In his, the prince's, presentation (7.12-17 etc) we have the virgin birth, fine flour mingled with oil; His stainless life, the fine flour; and the fragrance of His life, the sweet incense. And now he touches the cross. But note his exercise: a burnt, a sin, and a peace offering. Why in that order? The burnt offering is the highest aspect of the death of Christ and God always starts at the highest. There is a bullock, a ram, and a lamb but it is only one burnt offering. The bullock is Christ in the strength of His service. The ram is Christ in the devotion of His walk. The lamb is Christ in His meekness and gentleness.

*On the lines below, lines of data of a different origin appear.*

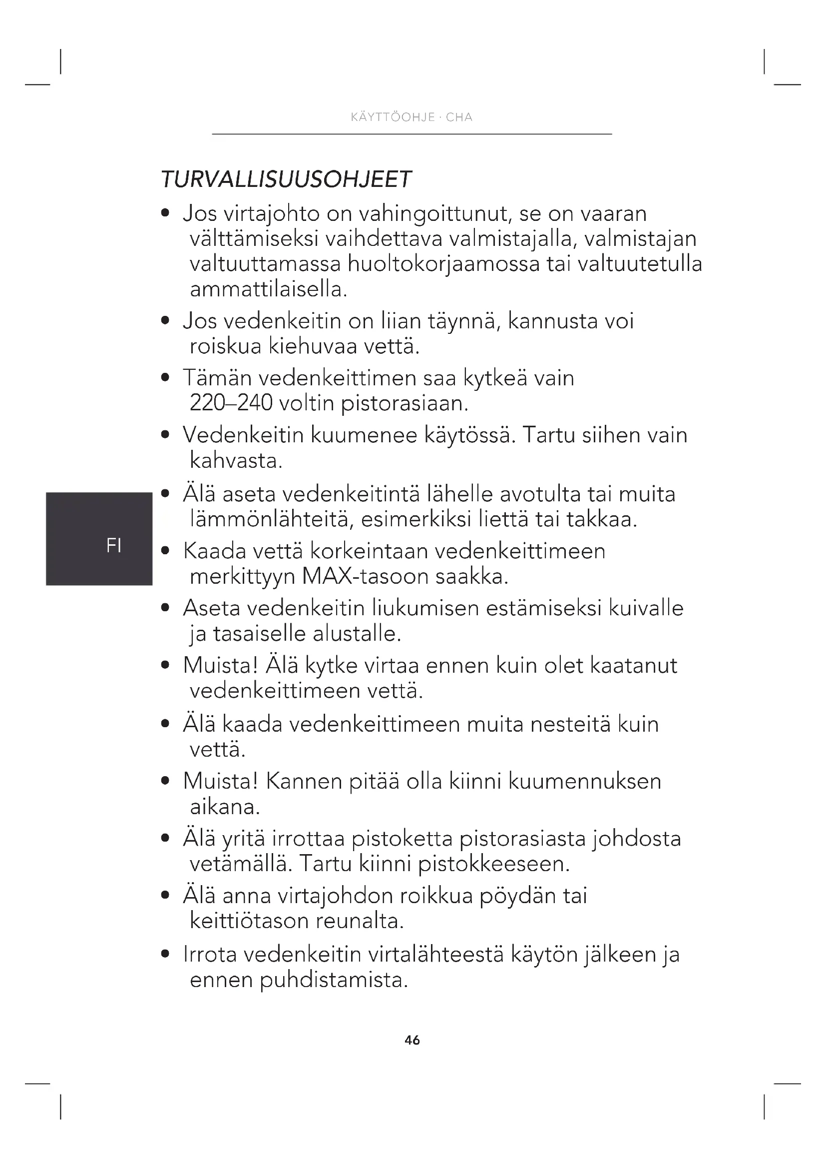 - Tämän vedenkeittimen saa kytkeä vain 220–240voltin pistorasiaan.
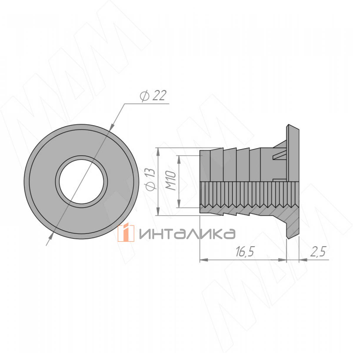 Гайка для ножки мебельной М10, LN M10 MP
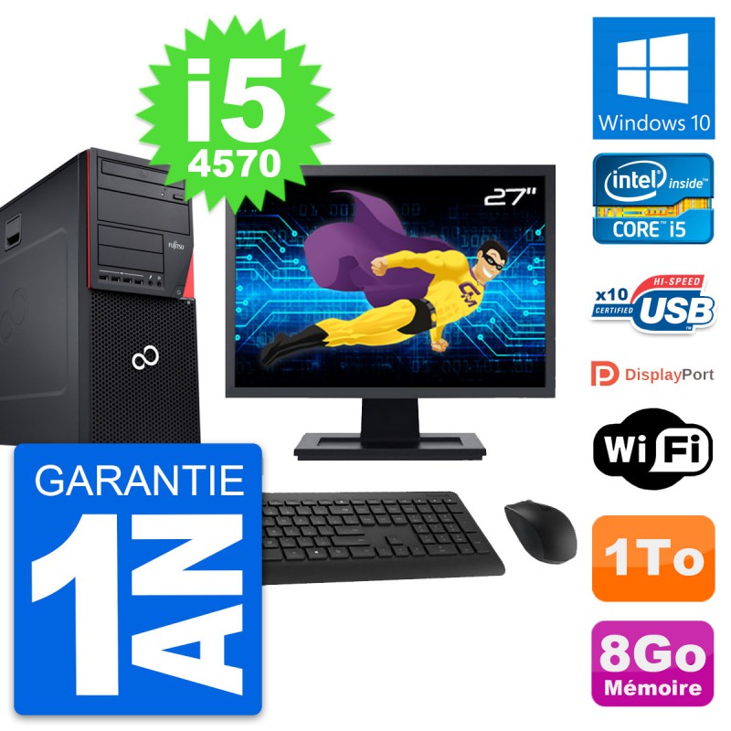 PC Tour Fujitsu Esprimo P720 - Intel Core i5-4570 3.2 Ghz (6 Mo) - 8 Go DDR3 - Disque Dur 3,5" 1 To - Graveur DVD - Clef Wifi USB - Windows 10 - Livré avec Ecran 27" + clavier + souris (Marques et modèles variables) - Garantie 1 an.
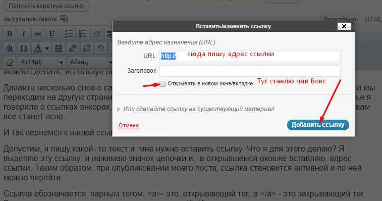 Встроенная ссылка будет содержать текст, также называемый якорным текстом — вы вставляете ссылку под выбранной фразой. Эти ссылки довольно легко создать с помощью HTML-редактора, такого как тот, который используется в WordPress или многих других системах CMS. Многие обычные пользователи и создатели веб-сайтов обычно могут нажать кнопку «Добавить ссылку». Просто введите якорный текст, отметьте его мышью и нажмите кнопку ссылки.

Then he brings the sin offering, of which there is only one. That is all that is essential: had it been omitted the work of Christ would have been incomplete. And then he brings his peace offering.
The peace offering is the communion offering. The burnt offering was all for God, but in the peace offering God, the offerer, and the priest all had a part. It was a fellowship offering. When first saved we know Him as the sin offering. Then we realise that we have a standing before God that nothing can alter, and this is the burnt offering. Then we know the peace offering aspect of the death of Christ: it is fellowship with Him and with His people.